Solar Thermal Electricity
The intense energy of the sun has long been used to heat liquids. Among the first mechanical uses, of the sun was a 20-square-meter, parabolic concentrating reflector that boiled water and produced steam. This steam was used in a steam-driven printing press at the 1878 World's Fair in Paris.
In the late 1800s, relying upon the seun to heat water was common practice in the southwestern United States. Photos can be found showing pioneer families proudly showing odd new homes equipped with solar water heaters. At one point, almost a quarter of the residents of Los Angeles rooftop solar thermal systems.
The sun's heat can used in two ways with homes and businesses. The sun is used to heat water for domestic hot water systems, or the sun's light can be concentrated and water temperatures increased to make steam and electricity.
While solar photovaltaics (PV) are better known, California actually gets far more of its electricity from a solar thermal power plants. Nine distinct solar thermal power plants located in the Mojave Desert total 360 megawatts, by far the largest central solar power station in the world.
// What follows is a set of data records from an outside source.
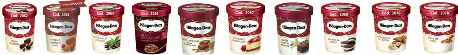
Macadamia Nut Brittle
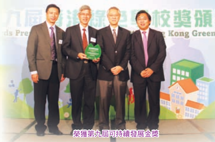
榮獲第九屆可持續發展金獎
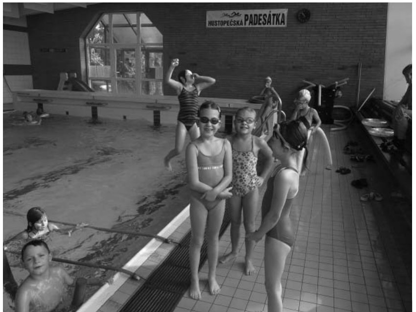
Plavání? To „plavat“ určitě nenecháme!

These solar thermal power plants rely upon curved mirrored troughs that concentration sunlight. The sun heats a liquid that creates steam to turn a traditional turbine. A more efficient technology is called the "stirling dish," which is powered by an entirely new kind of engine. Instead of the internal combustion engine, which relies upon an explosion inside the engine walls to turn pistions, the dish stirling engine relies upon the sun to heat tubes filled with hydrogen that turn the crankshaft.
Solar PV panels register eficiencies ranging from 9 to 15 percent. The solar thermal trough ranking cycle facilities are approximately 22 percent. Stirling solar dishes have been measured at efficiency as high as 30 percent. (These efficiencies numbers are based on calculations that convert the sun's energy into the equivalent of British Thermal Units, a universally recongnized measuring unit of energy commonly referred to as "BTU's". One BTU is the same quantity of heat required to raise the temperature of one pound of water one degree Fahrenheit.
Projected Use
Solar thermal electric capacity is predicted to increase worldwide. The cost of building, operating, and maintaining solar thermal electric systems has decreased dramatically -- in some cases by a factor of 10 -- during the 1980s and 90s and is expected to continue dropping. Solar-thermal designs may be economically competitive with some conventional electricity-generating technologies. By 2010, some solar thermal electric technologies could be producing electricity at $0.06 to $0.07 per kilowatt hour (kWh).